~This poem first appeared in an issue of Black Warrior Review (2008), as part of a chapbook called Bitch and Brew: Sestinas.
Editor’s Note: Sandra Beasley was on the inaugural Editorial Board of Redux.
Secrets of Small Machines
Dialysis units can taste the blood.
The boy watches as tubes giggle and twitch
in his skin. They are like pretty, cruel girls
who wave from the swing set. They are lean wolves
chasing him through the purifying woods.
Be still. The nurse hands him his Speak & Spell,
then wipes her hands. Spell island, it says. Spell
sandwich. The boy keeps watching as his blood
loops out. He decides to be made of wood,
to be a boat that cannot cry or twitch.
He rides the waves past the jaws of ten wolves,
and the wake from his prow douses the girls.
Be still. He sails to a shore safe from girls
and docks, armed with only the Speak & Spell.
He changes the language setting to “Wolves.”
He joins a pack who love him like he’s blood,
who bed down around him, sighing, twitching
through a common dream. Beyond shore are woods
brambled and poison-ivied. Be still. The woods
teem with mechanized deer. Don’t be a girl,
he thinks. Their rusted breath scares him, the twitch
of each perfect, telescopic eye. (Spell
telescope.) They pulse oil instead of blood
and they’re the only creatures feared by wolves,
who fear nothing. Be still, he begs the wolves,
but they’re out of sandwiches and the woods
hold rabbits. They leave him to chase for blood
and the deer come, their eyes soft as a girl’s,
their teeth sharpened and rotored. Time to spell
run, one says, beginning to spark and twitch.
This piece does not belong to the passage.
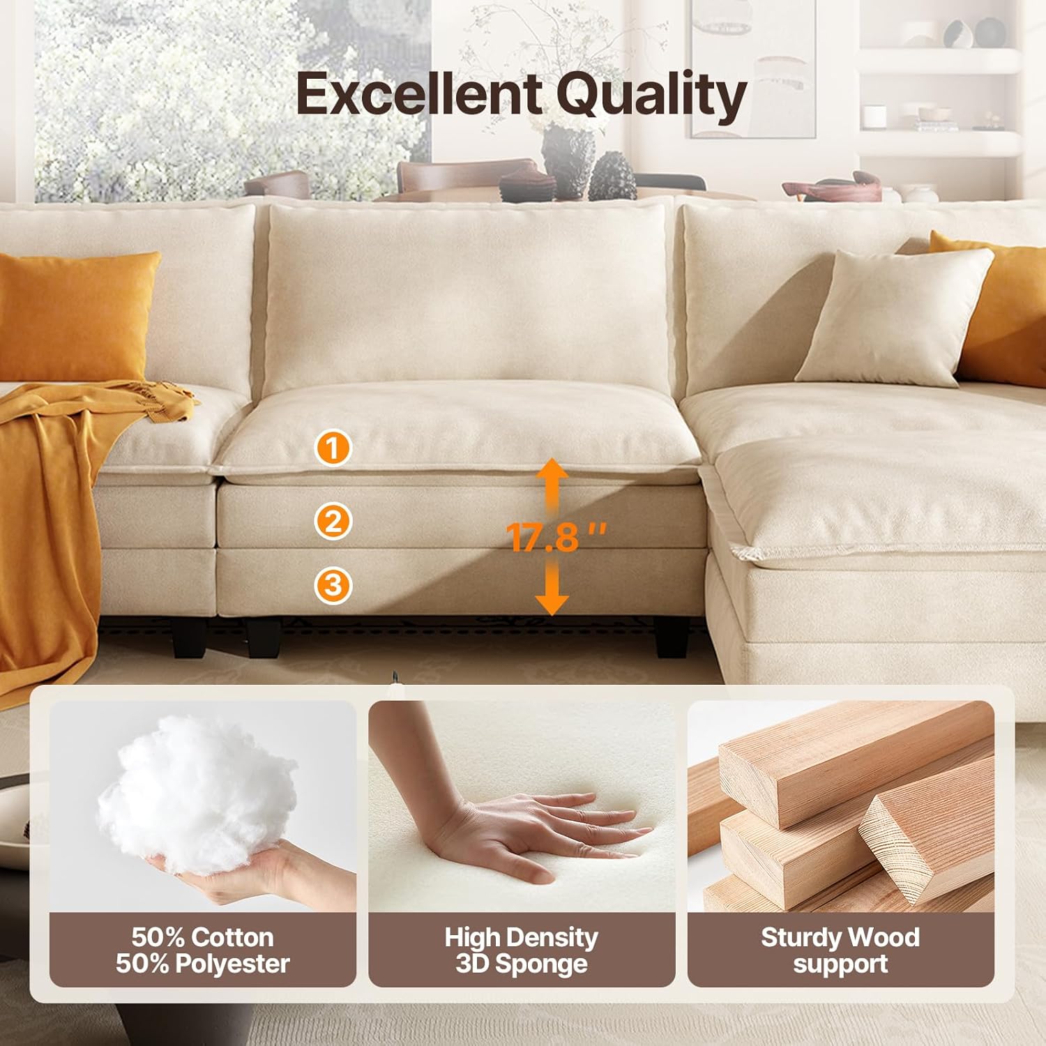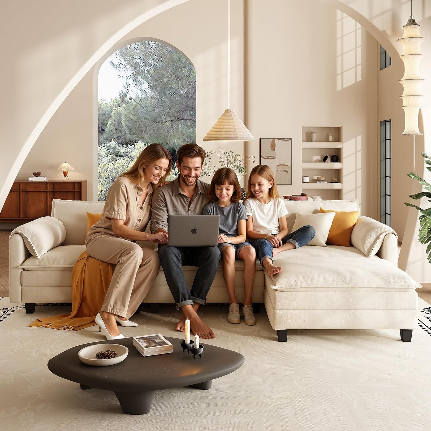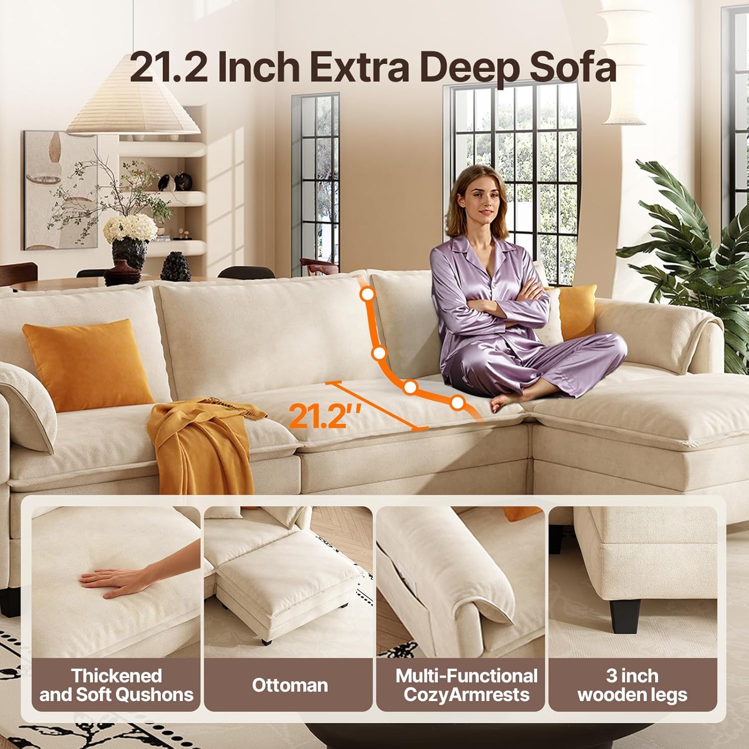 107″ L Shaped Modular Sectional Cloud Couch with Pillow, Deep Seat Sofa Couches for Living Room, 4-Seat Modern Sofa with Movable Ottoman, Comfortable Living Room Couch (Beige, 107 Inch-L)

He was good, says the nurse. Hardly a twitch.
On his sister’s shirt winks a small, stitched wolf.
Her Chrysler sounds just like his Speak & Spell:
Fasten your seatbelt. She pats its fake wood.
The whole way home she’ll ask him about girls.
You’re at that age, she says. Girls in your blood.
It is May, ’83. Spell twitch. Spell would.
The boy knows there’s a deer inside each girl—
and for every spell cast, they’ll need more blood.